## GIVEN DATA
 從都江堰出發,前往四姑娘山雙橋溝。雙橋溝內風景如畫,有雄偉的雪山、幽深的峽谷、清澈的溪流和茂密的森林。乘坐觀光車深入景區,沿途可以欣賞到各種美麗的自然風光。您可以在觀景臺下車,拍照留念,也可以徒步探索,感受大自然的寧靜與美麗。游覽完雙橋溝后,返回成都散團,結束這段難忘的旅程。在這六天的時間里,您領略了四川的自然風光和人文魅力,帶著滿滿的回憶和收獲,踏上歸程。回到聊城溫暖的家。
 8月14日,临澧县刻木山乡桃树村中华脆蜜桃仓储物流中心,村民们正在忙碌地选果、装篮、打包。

---

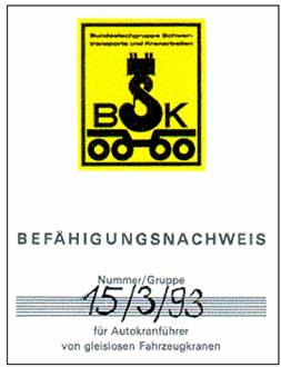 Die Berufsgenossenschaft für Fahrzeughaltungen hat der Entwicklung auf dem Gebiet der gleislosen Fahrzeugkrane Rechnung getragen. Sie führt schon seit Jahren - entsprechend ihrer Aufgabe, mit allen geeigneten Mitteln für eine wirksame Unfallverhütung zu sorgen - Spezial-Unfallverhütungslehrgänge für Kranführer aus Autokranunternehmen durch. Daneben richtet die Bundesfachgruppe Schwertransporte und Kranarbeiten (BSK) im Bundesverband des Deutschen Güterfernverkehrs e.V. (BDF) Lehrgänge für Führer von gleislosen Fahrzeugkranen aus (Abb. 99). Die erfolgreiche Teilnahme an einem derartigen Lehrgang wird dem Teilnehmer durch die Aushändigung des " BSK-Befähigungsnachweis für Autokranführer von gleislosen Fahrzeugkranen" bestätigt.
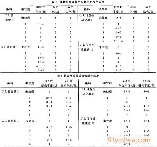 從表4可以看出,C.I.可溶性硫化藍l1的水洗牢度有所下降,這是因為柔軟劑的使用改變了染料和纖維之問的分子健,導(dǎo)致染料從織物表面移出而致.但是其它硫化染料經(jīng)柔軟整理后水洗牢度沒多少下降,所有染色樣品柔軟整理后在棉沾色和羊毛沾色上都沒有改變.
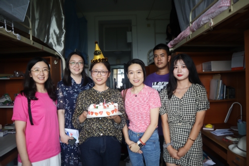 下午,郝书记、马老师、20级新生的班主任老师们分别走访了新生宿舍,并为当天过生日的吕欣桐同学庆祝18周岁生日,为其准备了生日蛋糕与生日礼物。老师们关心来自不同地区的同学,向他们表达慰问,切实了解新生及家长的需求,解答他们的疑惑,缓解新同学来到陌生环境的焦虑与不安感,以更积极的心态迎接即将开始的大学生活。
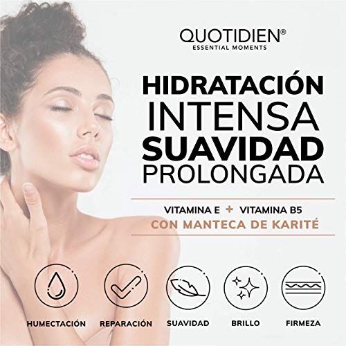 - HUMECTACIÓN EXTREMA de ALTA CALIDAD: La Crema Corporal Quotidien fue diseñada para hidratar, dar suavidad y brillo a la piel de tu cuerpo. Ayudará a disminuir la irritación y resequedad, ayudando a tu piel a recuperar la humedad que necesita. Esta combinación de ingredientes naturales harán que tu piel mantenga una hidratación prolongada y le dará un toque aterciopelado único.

## WHAT TO WORK ON
Look above for the line holding "從都江堰出發,前往四姑娘山雙". Print it and every line after it, exactly, through the line holding "8月14日,临澧县刻木山乡桃".

## EXERCISE OUTPUT
 從都江堰出發,前往四姑娘山雙橋溝。雙橋溝內風景如畫,有雄偉的雪山、幽深的峽谷、清澈的溪流和茂密的森林。乘坐觀光車深入景區,沿途可以欣賞到各種美麗的自然風光。您可以在觀景臺下車,拍照留念,也可以徒步探索,感受大自然的寧靜與美麗。游覽完雙橋溝后,返回成都散團,結束這段難忘的旅程。在這六天的時間里,您領略了四川的自然風光和人文魅力,帶著滿滿的回憶和收獲,踏上歸程。回到聊城溫暖的家。
 8月14日,临澧县刻木山乡桃树村中华脆蜜桃仓储物流中心,村民们正在忙碌地选果、装篮、打包。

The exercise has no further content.